FOR MORE THAN 1 billion years, sheets of ice have been sliding back and forth from the poles, sometimes actually meeting at the equator. The reasons involve continental drift, the Earth’s mildly eccentric orbit, its wobbly axis, and swings in atmospheric carbon dioxide. For the last few million years, with the continents basically where we find them today, ice ages have recurred fairly regularly and lasted upwards of 100,000 years, with intervening thaws averaging 12,000 to 28,000 years.

The last glacier left New York 11,000 years ago. Under normal conditions, the next to flatten Manhattan would be due any day now, though there’s growing doubt that it will arrive on schedule. Many scientists now guess that the current intermission before the next frigid act will last a lot longer, because we’ve managed to postpone the inevitable by stuffing our atmospheric quilt with extra insulation. Comparisons to ancient bubbles in Antarctic ice cores reveal there’s more CO2 floating around today than at any time in the past 650,000 years. If people cease to exist tomorrow and we never send another carbon-bearing molecule skyward, what we’ve already set in motion must still play itself out.

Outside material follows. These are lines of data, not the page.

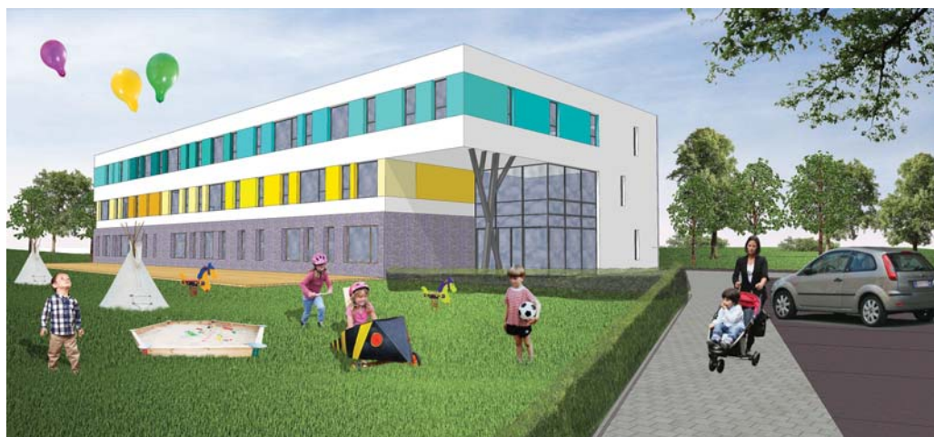
Tak będzie wyglądał budynek zespołu żłobkowo-przedszkolnego w Nadwiślu

DWUTYGODNIK INFORMACYJNY DZIELNICY WAWER
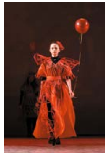
^ «Красный» показ «Тайны цвета», 2017
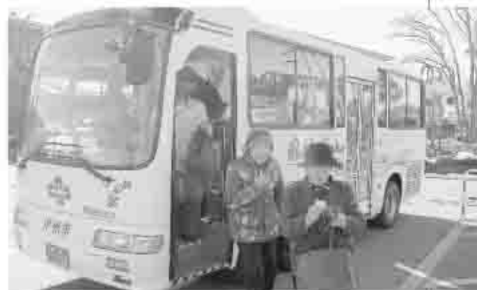
市内をめぐる甲州市縦断線バス

みなさんの生活にお役に立てることを考え、これからもご意見などをお聞きし、親しみある縦断バスを目指していきます。
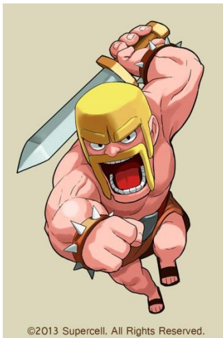
『パズル&ドラゴンズ』に登場する 「CoC・バーバリアン」
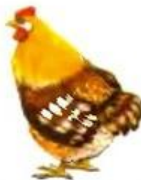
Курица кудахчет. Куд-куда. Куд-куда.
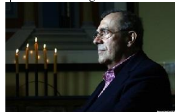
CARLOS ALBERTO MONTANER

propios términos, tal como lo permite la ley de Eutanasia española, y con el "apoyo incondicional" de su familia. El autor, cuya vida se iba apagando poco a poco a consecuencias de una parálisis supranuclear progresiva, comenzó a escribir un artículo póstumo "Cuando usted lea este artículo yo estaré muerto" en Miami a inicios de 2022, y lo concluyó al dictado. La enfermedad no le permitía ya escribir, ni "conversar bien", ni "leer más allá de los titulares", había dicho el periodista en "Mi última columna", un adiós anticipado.
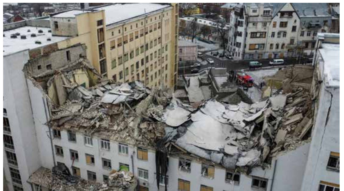
5 febbraio 2023. La sede della università di economia di Karkiv semi distrutta dai missili russi
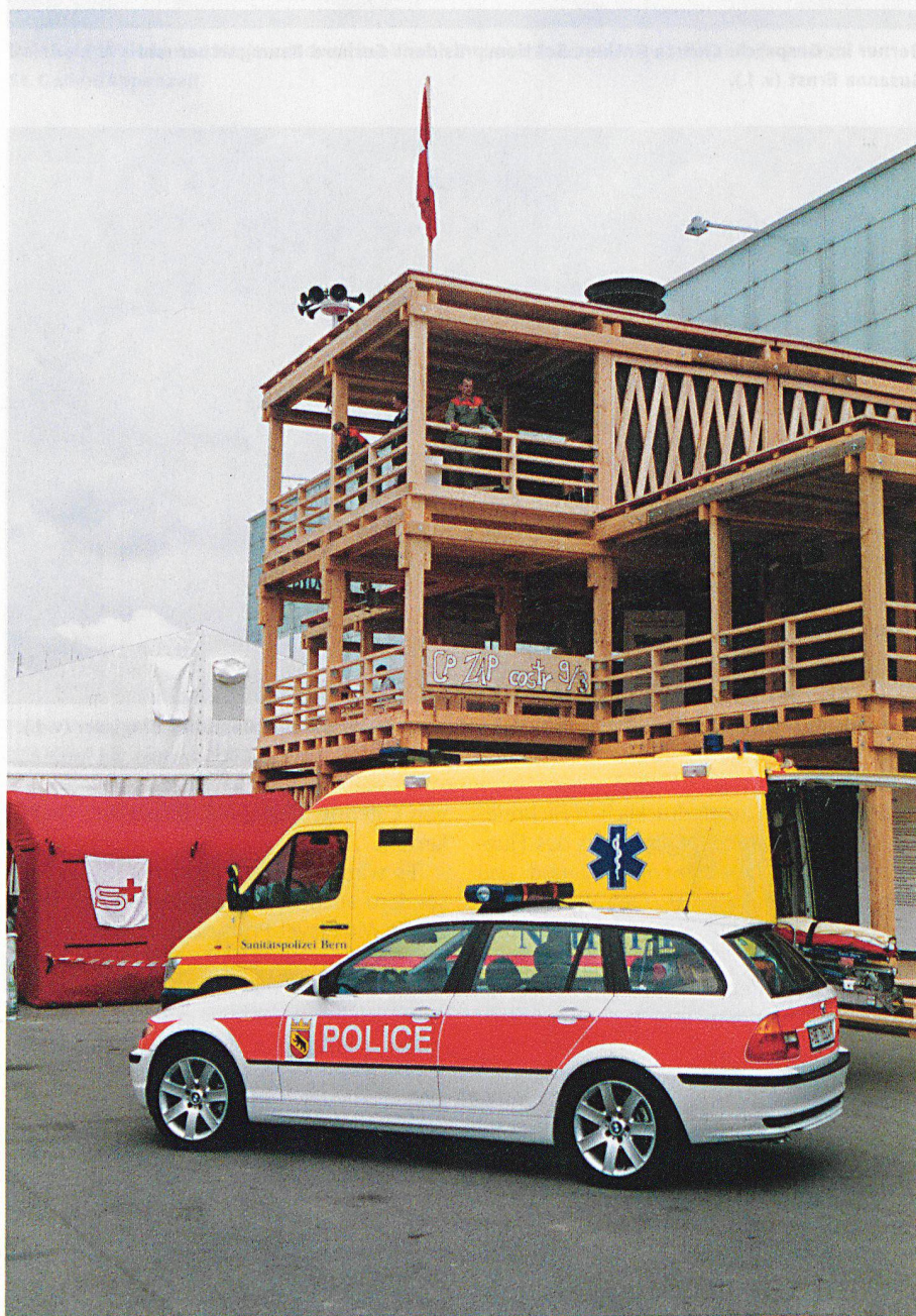
Partner im Bevölkerungsschutz zeigen sich gemeinsam: Polizei, Gesundheitswesen, Samariter und Zivilschutz, zuoberst auf dem Pavillon, in welchem auch das Labor Spiez und die NAZ untergebracht waren.

Eindrücklich auch die Präsentation der Berner Kantonspolizei in Zusammenarbeit mit der Stadtpolizei Bern betreffend ihren «courant normal» wie Verkehrssicherheit, Einbruch, Diebstahl, Drogen, Medikamente usw. Die Grundlage zum Ausstellungskonzept bildete das 200-Jahr-Jubiläum der Kantonspolizei.
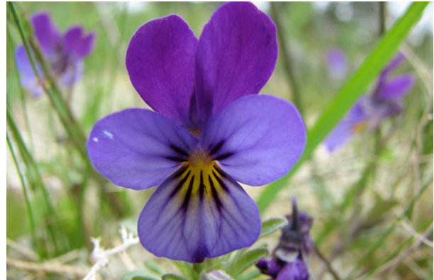
Figur 7. Undersøgelser af makrofossiler har vist, at Alm. Stedmoder ( Viola tricolor ) har levet i Danmark i mindst 4.000 år (Jensen 1985). På trods af at arten desuden er almindelig i mange naturlige kystbiotoper, er den anset for fremmed af nogle forfattere.

Macrofossil evidence shows Viola tricolor to have grown in Denmark for at least 4.000 years (Jensen 1985). Even though it is also common in many natural coastal biotopes, it is regarded as non-native by some authors.
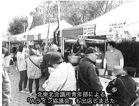
北東北会議所青年部による「Aライン協議会」も出店しました

10月18日(土) 19日(日)の2日間にわたる第45回久慈地方産業まつりがアンバーホールにおいて開催された。2日間とも天候にも恵まれ多くのお客さんで賑わった。当所が主管する「商工まつり」部門では20の事業所や団体が、また、昨年に引き続き青森・秋田・岩手の3県の商工会議所青年部で組織される「Aライン協議会」から「黒石風太麺焼そば」「五所川原十三湖しじみ汁」「大館みそつけたんぼ」「八戸せんべい汁」「能代ブヒ串」が出店して賑わいを創出したほか、当所女性会による廃油を再利用した手作り石鹸の販売とリサイクルバザーなども行われた。
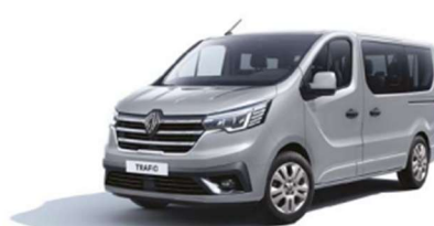
Γκρι Highland (2)
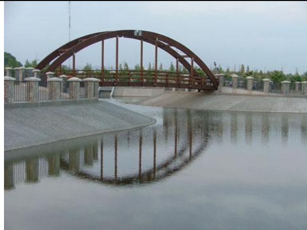
Parque del Andarax
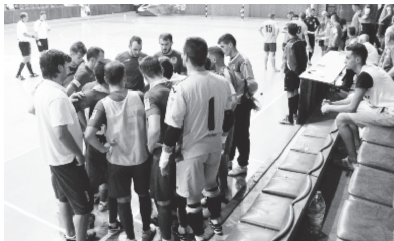
Ma már csak emlék a ligeti sportcsarnok: közvetlenül a Dunărea Călărași elleni mérkőzés rajtja előtt készítette ezt a felvételt munkatársunk. Tartozásai miatt a City'us a továbbiakban már nem veheti igénybe a sportlétesítmény szolgáltatásait, így az udvarhelyieket már a sportiskola termében látták vendégül.
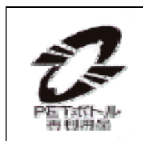
PET ボトル再生 利用マーク
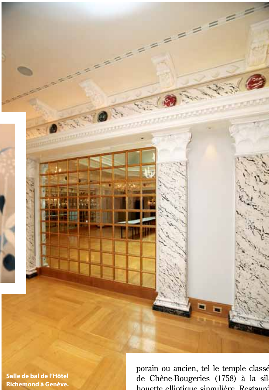
Salle de bal de l'Hôtel Richmond à Genève.

L a salle de bal de l'Hôtel Richmond, à Genève? 360 mètres linéaires de moulures à la feuille d'or patinée, ponctuées de médaillons de faux marbre rouge royal, noir Portor et vert de mer, les croisillons de la porte miroitante dorés sur fond rouge pour en accentuer le relief... En cohésion, la Rotonde, antichambre des grands salons, s'offre, élégamment magique, avec ses revêtements d'or sur fonds de plâtre et de bois, ses pilastres en stuc imitation marbre. Au sein de cet ancien palace recréé dans une atmosphère contemporaine en 2007, le restaurant donnant sur le parc Brunshwig s'éprend d'inspirations végétales: deux grands tableaux de fleurs stylisées sont peints sur canevas brut. Exempte de solvant,

That won’t happen quickly by our standards, although our standards are changing, because we Homo sapiens didn’t bother to wait until fossilization to enter geologic time. By becoming a veritable force of nature, we’ve already done so. Among the human-crafted artifacts that will last the longest after we’re gone is our redesigned atmosphere. Thus, Tyler Volk finds nothing strange about being an architect teaching atmospheric physics and marine chemistry on the New York University biology faculty. He finds he must draw on all those disciplines to describe how humans have turned the atmosphere, biosphere, and the briny deep into something that, until now, only volcanoes and colliding continental plates have been able to achieve.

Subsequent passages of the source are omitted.